Die Erfindung betrifft eine Zementmischung, die insbesondere zum Stoppen von Wasserlaufstellen an Bauwerken geeignet ist.
Es ist bekannt, dass hydraulisch abbindende Stopfmörtel zum Abdichten von Wasserlaufstellen an Bauwerken mit verschiedenen Zusätzen versetzt werden müssen. Von derartigen Zusätzen seien Aluminiumseifen, Fette oder Ölemulsionen, die eine gewisse dichtende Wirkung von Zementmörteln erreichen, erwähnt. Es ist ferner bekannt, flüchtige Kohlenwasserstoffe Trockenmörtelmischungen für den genannten Zweck zuzusetzen. Ausserdem ist es bekannt, dass Zementen bzw. daraus hergestellten Mörteln zugesetzte Carbonate und Alkalisilikate aufgrund einer Reaktion mit dem Zement eine dichtende Wirkung ergeben. Als Abbindebeschleuniger dienende Zusätze, wie Aluminate, Formiate, Acrylsäurederivate etc. können zwar eine schnelle Abbindung und Wasserdichtigkeit bewirken, sie müssen jedoch auf die jeweiligen Zemente abgestimmt werden. Weiterhin ist es bekannt, dass durch Zusätze von wasserlöslichen modifizierten Amino-S-Triazinharzen die Haft-, Zug- und Druckfestigkeitseigenschaften sowie die Oberflächengüte zementgebundener Mörtel verbessert werden kann (vgl. die OE-PS 263 607).
Durch Dichtungsmittelzusätze sowie Zementabbindebeschleuniger werden die hydraulischen Eigenschaften von Zementen, Zementgemischen bzw. daraus hergestellten Mörteln teilweise erheblich verändert, so dass es insbesondere unter Berücksichtigung wechselnder Zementqualitäten schwierig ist, in reproduzierbarer Weise dauerhaft abdichtende Zemente bzw. Mörtel herzustellen. Darüber hinaus ist allen bisher bekannten Zementen bzw. Mörteln, die für Abdichtungszwecke eingesetzt werden, der Nachteil gemeinsam, dass sie insbesondere bei einer Druckwasserbelastung keine ausreichende dauerfeste Abdichtungswirkung besitzen.
Die Erfindung hat sich daher die Aufgabe gestellt, die Nachteile der bisher bekannten Zemente bzw. Mörtel zum Stoppen von Wasserlaufstellen an Bauwerken zu beseitigen.
Diese Aufgabe wird erfindungsgemäss dadurch gelöst,
dass eine Zementmischung zur Verfügung gestellt wird, die zwei oder mehrere Zemente mit verschiedenen, zwischen 0,05 und 0,35 liegenden Silikatmoduli sowie einen oder mehrere, aus einer Lithiumverbindung bestehende Abbindebeschleuniger enthält.

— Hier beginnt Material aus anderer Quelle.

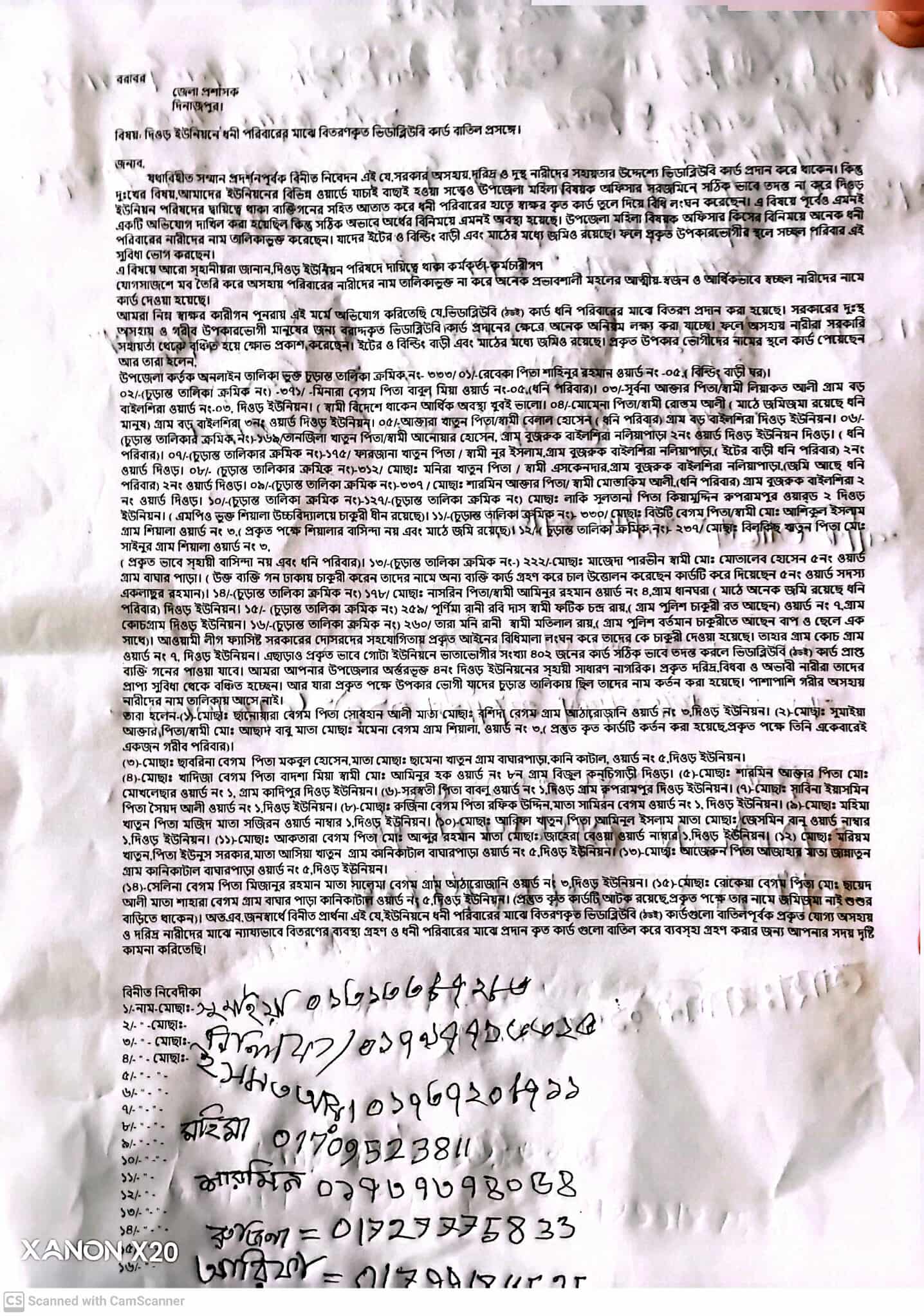 উপজেলা নির্বাহী অফিসার বরাবর অভিযোগ পত্র থেকে জানা যায়,সরকার অসহায়,দরিদ্র ও দুস্থ নারীদের সহায়তার উদ্দেশ্যে ভিডাব্লিউবি (VWB) কার্ড প্রদান করে থাকেন।

Diese Zementmischungen bzw. unter ihrem Einsatz hergestellte Mörtel binden hydraulisch schnell ab und besitzen eine ausgezeichnete Haftung an den üblichen Bauwerksmaterialien, insbesondere Beton und Mauerwerk, und zwar auch bei starker Wassereinwirkung sowie unter hoher Druckwasserbelastung.
In besonders bevorzugter Weise liegen die Silikatmoduli der Zemente zwischen 0,06 und 0,20.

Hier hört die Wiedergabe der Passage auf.